The statement on Amendment 158 in my name says:

“The Bill appears to permit any doctor to raise ending a patient’s life, even if they have no prior relationship with the patient. This amendment specifies that a preliminary discussion can only take place with a registered medical practitioner who has known the patient for a minimum of six months”.


Amendment 164 in my noble friend’s name would insert:

“If a person has informed their general practitioner that they do not wish to discuss the subject of the provision of assistance in accordance with this Act, that fact must be added to their medical records, and a registered medical practitioner must not discuss it with them”.
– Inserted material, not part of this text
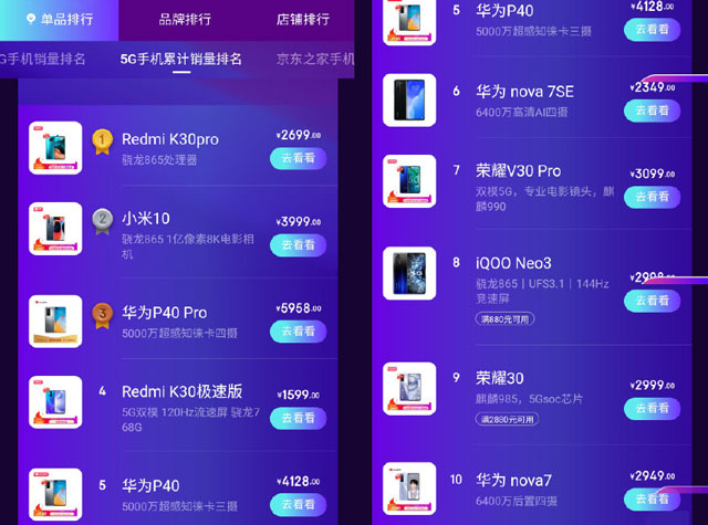 总的来说,目前5G手机还处在普及阶段,用户对价格较为敏感。同时5G的功能优势还没有体现出来,导致用户在购买高端5G手机时存在疑虑。相比之下,小米10和Redmi K30 Pro除了5G功能之外,手机的外观设计和综合体验都不差,再加上价格上的优势,能够力压华为取得京东平台618累计5G手机销量的前两名,也在情理之中。这也表明今年小米在高端手机领域的尝试是非常成功的。

In his observations on the previous group, the noble Lord, Lord Deben, made a powerful point. He said that, based on his experience as a constituency MP, many members of the public are worried by doctors and hospitals, so when we debate medical issues in this House and put legislation on the statute book, it worries very great numbers of the population. It reminded me of my grandmother, who died 10 years ago. She lived until she was 97, but she had a theory that if you went into hospital, you did not come out alive. When I went to see her in East Cheshire Hospice—an outstanding hospice—at the age of 97, she grabbed hold of my arm and said, “What did I tell you? They’re trying to kill me. Get me out of this place”. But she died a very dignified death.

It was similar with my 90 year-old mother. There was an outstanding family GP service that knew our family, and we knew the GPs. There was good service from the local NHS, outstanding palliative care and, again, the outstanding East Cheshire Hospice. The glue that helped my family members to have a dignified death was that of a loving family. On a previous day in our debates, the noble Lord, Lord Harper, made a powerful point: it is okay if you have a loving family network around you to take care of you and think of your interests when interacting with doctors and hospitals. But he then referred to those people who are poor, lonely and ill, and without the loving network around them to look after them.
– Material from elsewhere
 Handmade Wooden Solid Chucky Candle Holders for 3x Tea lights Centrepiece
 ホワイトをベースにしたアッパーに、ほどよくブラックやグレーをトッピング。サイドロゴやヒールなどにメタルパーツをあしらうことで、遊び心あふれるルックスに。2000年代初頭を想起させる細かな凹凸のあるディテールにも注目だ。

A recent case happened that was very close to your Lordships’ House. A noble friend was admitted to a regional general hospital with sepsis: a very ill friend indeed. One issue that the noble Lord, Lord Goodman, mentioned was about the NHS and the pressures on it, whether through funding or at times of stress, such as when the junior doctors are on strike. An assessment was made that my noble friend needed to be operated on urgently—a life-saving operation—but, because of the junior doctors’ strike, they were unable to get the necessary staffing for the operation, so the decision was made that they could not operate on my noble friend. My noble friend’s daughter was distraught, as you can imagine, so she contacted the Whips’ Office and asked whether they could help.
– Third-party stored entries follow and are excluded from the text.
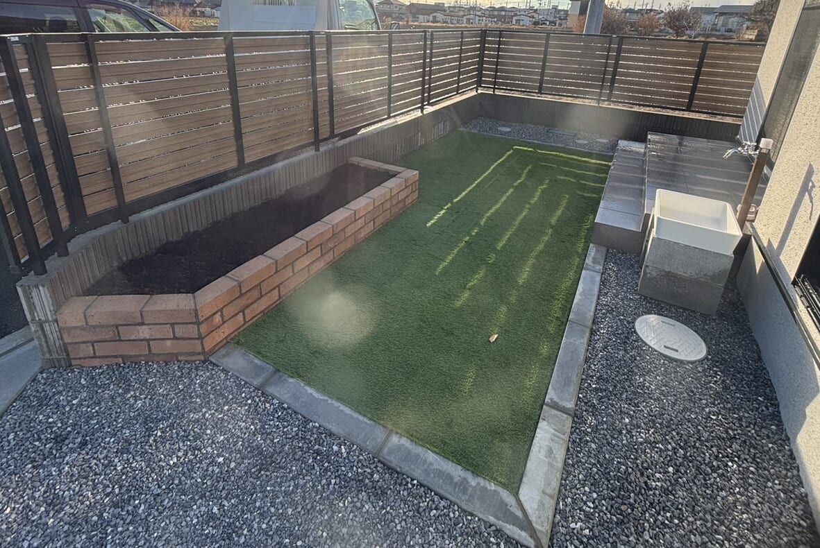 お庭の人工芝張りと駐車場の土間コンクリートの養生も終わりまして外構工事完了となります。 | ホームエクステリア『アサヤマ』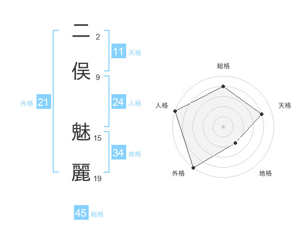 二俣 魅麗さんの総格は45画の4点!
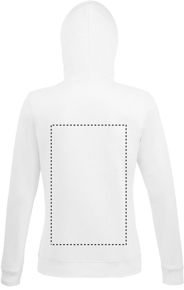 SOL'S SPENCER dames sweater 280g. Buidelzak. Gesneden en gestikt. Gevoerde capuchon met trekkoord. 2x2 geribde manchetten en boord. Halve maan binnenzijde kraag. Schouder tot schouder nekband. Materiaal: 80% rondgebreid katoen - 20% polyester. Geborstelde voering. Buitenkant: 100% katoen. OEKO-TEX®. Alleen verkocht inclusief bedrukking.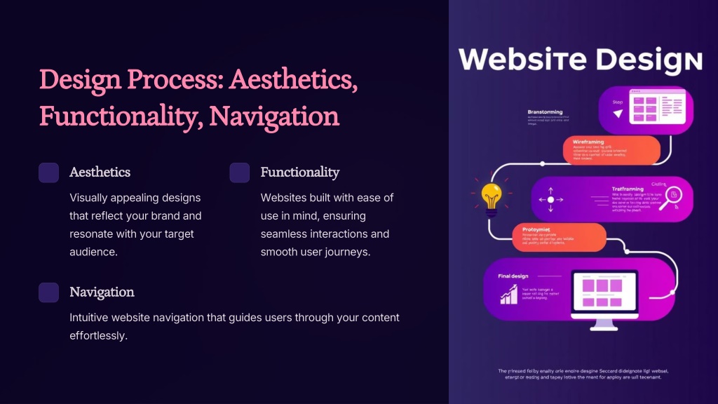 Design Process: Aesthetics, Functionality, Navigation Aesthetics Functionality Visually appealing designs that reflect your brand and resonate with your target audience. Websites built with ease of use in mind, ensuring seamless interactions and smooth user journeys. Navigation Intuitive website navigation that guides users through your content effortlessly.

Your Lordships’ House is full of eminent clinicians. A Member of your Lordships’ House was able to find a crew that could operate on my noble friend in London. All they had to do was extract her from the NHS hospital in the regions and bring her down to the private hospital in London, which was duly done. However, they could not operate on my noble friend because she was dehydrated. The decision had been made in that regional hospital to not continue with food and liquids. The good news is that, when she was rehydrated, they operated. I am very happy to say that my noble friend made a full recovery and to this day makes a huge contribution to this House from our Front Bench.